From: Chuck Lever <chuck.lever@oracle.com>
To: Mike Snitzer <snitzer@kernel.org>, Jeff Layton <jlayton@kernel.org>
Cc: linux-nfs@vger.kernel.org
Subject: Re: [PATCH v4 3/3] NFSD: update Documentation/filesystems/nfs/nfsd-io-modes.rst
Date: Wed, 5 Nov 2025 13:50:20 -0500 [thread overview]
Message-ID: <65e3729d-8434-4bdd-8039-804782c20f95@oracle.com> (raw)
In-Reply-To: <20251105174210.54023-4-snitzer@kernel.org>
On 11/5/25 12:42 PM, Mike Snitzer wrote:
> Also fixed some typos.
>
> Signed-off-by: Mike Snitzer <snitzer@kernel.org>
> ---
> .../filesystems/nfs/nfsd-io-modes.rst | 58 ++++++++++---------
> 1 file changed, 32 insertions(+), 26 deletions(-)
>
> diff --git a/Documentation/filesystems/nfs/nfsd-io-modes.rst b/Documentation/filesystems/nfs/nfsd-io-modes.rst
> index 4863885c7035..29b84c9c9e25 100644
> --- a/Documentation/filesystems/nfs/nfsd-io-modes.rst
> +++ b/Documentation/filesystems/nfs/nfsd-io-modes.rst
> @@ -21,17 +21,20 @@ NFSD's default IO mode (which is NFSD_IO_BUFFERED=0).
>
> Based on the configured settings, NFSD's IO will either be:
> - cached using page cache (NFSD_IO_BUFFERED=0)
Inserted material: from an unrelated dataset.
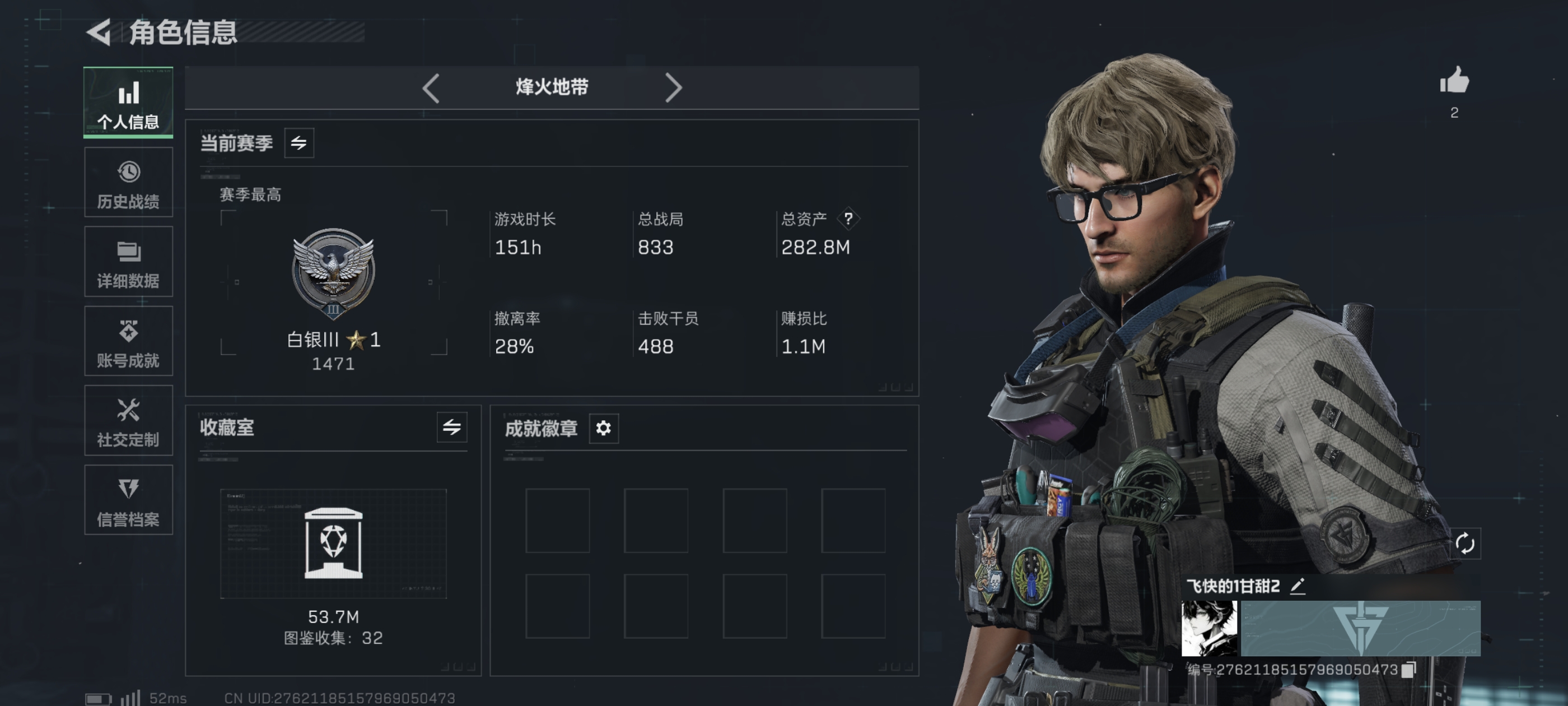 总资产(M):53M/哈夫币(K):100K/传说枪皮数:23/全面战场等级:50_段位:上等兵/烽火地带等级:60_段位:黑鹰/

> -- cached but removed from the page cache upon completion
> - (NFSD_IO_DONTCACHE=1).
> -- not cached (NFSD_IO_DIRECT=2)
> +- cached but removed from page cache on completion (NFSD_IO_DONTCACHE=1)
> +- not cached stable_how=NFS_UNSTABLE (NFSD_IO_DIRECT=2)
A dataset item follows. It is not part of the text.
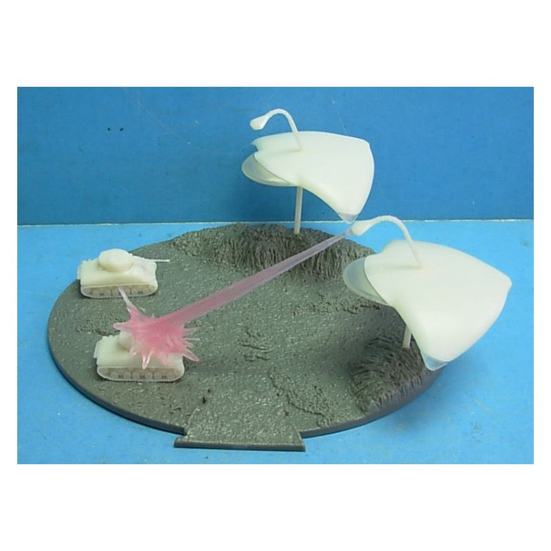 From George Pal's 1958 classic War Of the Worlds comes the War Machines Attack 1/144 scale injected plastic model kit Diorama. It features injected plastic and clear parts, full color box, tanks, death ray, diorama base and assembly instructions.  Requires painting and assembly.

> +- not cached stable_how=NFS_DATA_SYNC (NFSD_IO_DIRECT_WRITE_DATA_SYNC=3)
> +- not cached stable_how=NFS_FILE_SYNC (NFSD_IO_DIRECT_WRITE_FILE_SYNC=4)
>
> -To set an NFSD IO mode, write a supported value (0, 1 or 2) to the
> +To set an NFSD IO mode, write a supported value (0 - 4) to the
> corresponding IO operation's debugfs interface, e.g.:
> echo 2 > /sys/kernel/debug/nfsd/io_cache_read
> + echo 4 > /sys/kernel/debug/nfsd/io_cache_write
>
> To check which IO mode NFSD is using for READ or WRITE, simply read the
> corresponding IO operation's debugfs interface, e.g.:
> cat /sys/kernel/debug/nfsd/io_cache_read
> + cat /sys/kernel/debug/nfsd/io_cache_write
>
> NFSD DONTCACHE
> ==============
> @@ -46,10 +49,10 @@ DONTCACHE aims to avoid what has proven to be a fairly significant
> limition of Linux's memory management subsystem if/when large amounts of
> data is infrequently accessed (e.g. read once _or_ written once but not
> read until much later). Such use-cases are particularly problematic
> -because the page cache will eventually become a bottleneck to surfacing
> +because the page cache will eventually become a bottleneck to servicing
> new IO requests.
>
> -For more context, please see these Linux commit headers:
> +For more context on DONTCACHE, please see these Linux commit headers:
> - Overview: 9ad6344568cc3 ("mm/filemap: change filemap_create_folio()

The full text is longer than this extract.